▶ [Activity]: From the material below, please set down exactly the lines starting with the one with "3. Insert drift" and going on through the one with "Najważniejszym elementem projektu", without a single picture.
── Exercise inputs
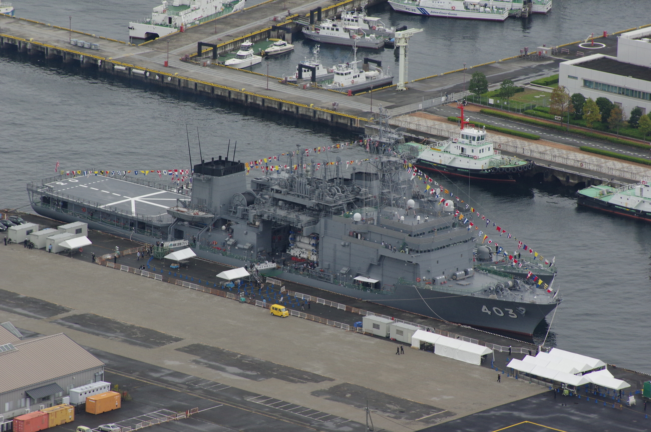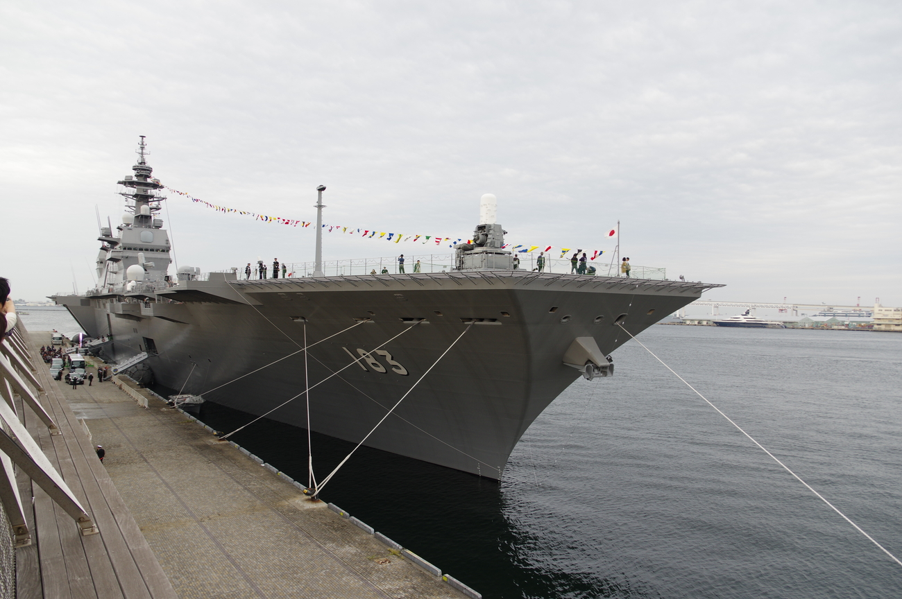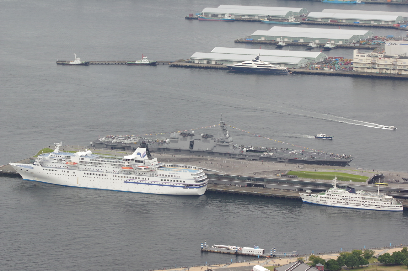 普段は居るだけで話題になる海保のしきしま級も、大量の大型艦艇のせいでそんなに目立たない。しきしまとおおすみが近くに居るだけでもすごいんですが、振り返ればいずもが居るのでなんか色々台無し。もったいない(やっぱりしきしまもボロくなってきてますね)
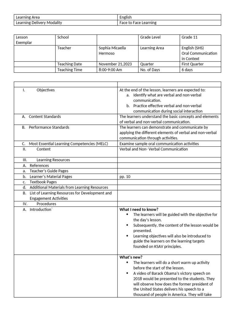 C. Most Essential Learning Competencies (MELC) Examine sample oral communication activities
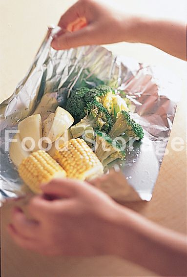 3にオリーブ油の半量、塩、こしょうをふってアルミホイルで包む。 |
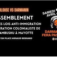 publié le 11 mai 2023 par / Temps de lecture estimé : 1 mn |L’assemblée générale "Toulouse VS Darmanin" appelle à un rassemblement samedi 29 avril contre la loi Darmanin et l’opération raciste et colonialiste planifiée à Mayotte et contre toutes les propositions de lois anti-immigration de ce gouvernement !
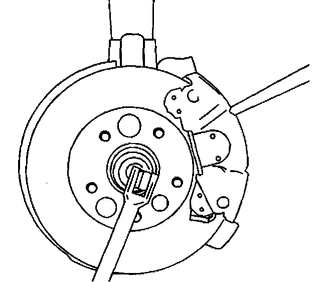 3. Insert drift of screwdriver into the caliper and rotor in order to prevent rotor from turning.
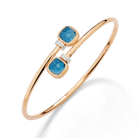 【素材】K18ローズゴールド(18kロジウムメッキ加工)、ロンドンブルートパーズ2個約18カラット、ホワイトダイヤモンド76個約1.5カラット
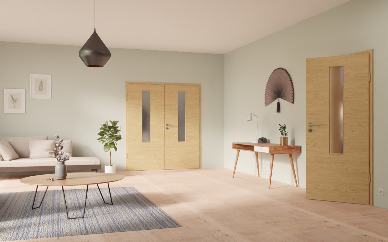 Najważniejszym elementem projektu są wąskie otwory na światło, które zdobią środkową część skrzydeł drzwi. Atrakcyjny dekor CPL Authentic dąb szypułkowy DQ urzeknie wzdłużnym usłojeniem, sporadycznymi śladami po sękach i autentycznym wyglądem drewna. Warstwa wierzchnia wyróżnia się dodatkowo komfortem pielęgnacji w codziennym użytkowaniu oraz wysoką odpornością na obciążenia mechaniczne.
────
── Exercise inputs
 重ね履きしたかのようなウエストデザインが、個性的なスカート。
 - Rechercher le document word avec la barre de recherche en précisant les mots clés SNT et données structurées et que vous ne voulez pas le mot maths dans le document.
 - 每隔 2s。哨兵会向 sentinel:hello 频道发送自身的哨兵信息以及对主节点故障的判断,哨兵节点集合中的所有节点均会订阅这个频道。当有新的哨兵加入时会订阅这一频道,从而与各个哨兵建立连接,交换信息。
────
▶ [Response to the exercise]:
 3. Insert drift of screwdriver into the caliper and rotor in order to prevent rotor from turning.
 【素材】K18ローズゴールド(18kロジウムメッキ加工)、ロンドンブルートパーズ2個約18カラット、ホワイトダイヤモンド76個約1.5カラット
 Najważniejszym elementem projektu są wąskie otwory na światło, które zdobią środkową część skrzydeł drzwi. Atrakcyjny dekor CPL Authentic dąb szypułkowy DQ urzeknie wzdłużnym usłojeniem, sporadycznymi śladami po sękach i autentycznym wyglądem drewna. Warstwa wierzchnia wyróżnia się dodatkowo komfortem pielęgnacji w codziennym użytkowaniu oraz wysoką odpornością na obciążenia mechaniczne.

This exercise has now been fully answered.